It was a dark and stormy night.
I'd been working late. Thankfully, a taxi was waiting in front of our building.
Climbing in, I gave the driver my address and closed my eyes.
“Would you like a massage?” said the driver from the front seat.
Crap. It was finally happening to me. To me!
I'd survived four years in Manhattan without a mugging, but Seoul was going to get me.
I stealthily reached for the door.
“I said, would you like a massage?” he said again.
Before I could cannonball out of the moving car, something amazing happened.
The back of my seat began to poke lightly at my shoulders. Then it began massaging my lower back. Then up and down my spine.

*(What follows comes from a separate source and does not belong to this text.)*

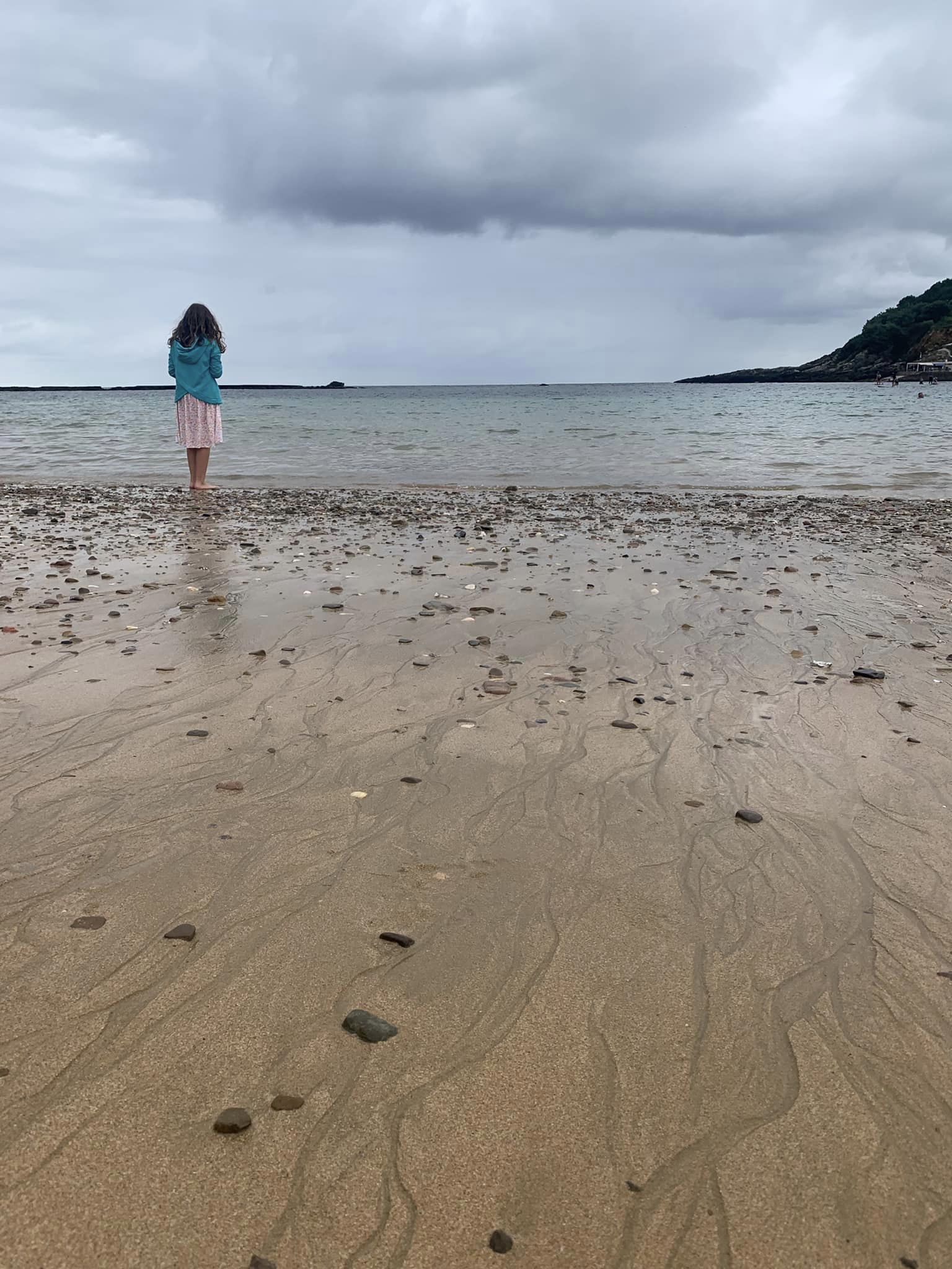 Nonostante la giornata nuvolosa ci dirigiamo in spiaggia, confidenti che il clima oceanico ci riserverà belle sorprese. La sabbia è finissima, la baia enorme, si trovano conchiglie di varie dimensioni, le onde discrete e l’acqua fresca. Si sta bene con il golfino. Dopo giorni di calura e viaggio, questo è ciò che di più si avvicina al Paradiso! Dopo una lunga passeggiata con i piedi a puccia nell’oceano torniamo in camper per un pranzetto frugale e poi ripartiamo alla volta di Mutriku.

It felt good. Absurdly good. What the hell was this?
I looked around the cab, which from the outside had looked like any other Seoul taxi.
No ordinary cab The ceiling was wallpapered with a gaudy but cute flower scheme. There were little bunches of Christmas lights under the driver’s seat and I could hear hear a steady trickle of running water.
I looked down. The pleasant gurgling was coming from a mini-fountain next to my feet. The fountain had a turning water wheel and … live goldfish?
I'd been weary minutes before, but with the massage and this bizarre cab, I felt wonderful.
Who was this driver and why couldn’t all the cabs in the world be like this?
I knew we had to talk.
Drawing on an extensive background in mechanical engineering and management, taxi driver Chung Nok-hyun, 66, has a grand proposal. If he has his way, all the taxis in Seoul would become what he calls “garden taxis.”
Following his own cab, the city's taxis would be outfitted with flowers, grass, live goldfish, massage seats and a mini-karaoke machine (he does the singing in his own cab, upon request).
After retiring seven years ago from a career as director of a local electronics company, Chung began driving a taxi. He bought a massage device online for US$200, cut a large hole in the backseat and installed the device by hooking it up to the car’s electrical system.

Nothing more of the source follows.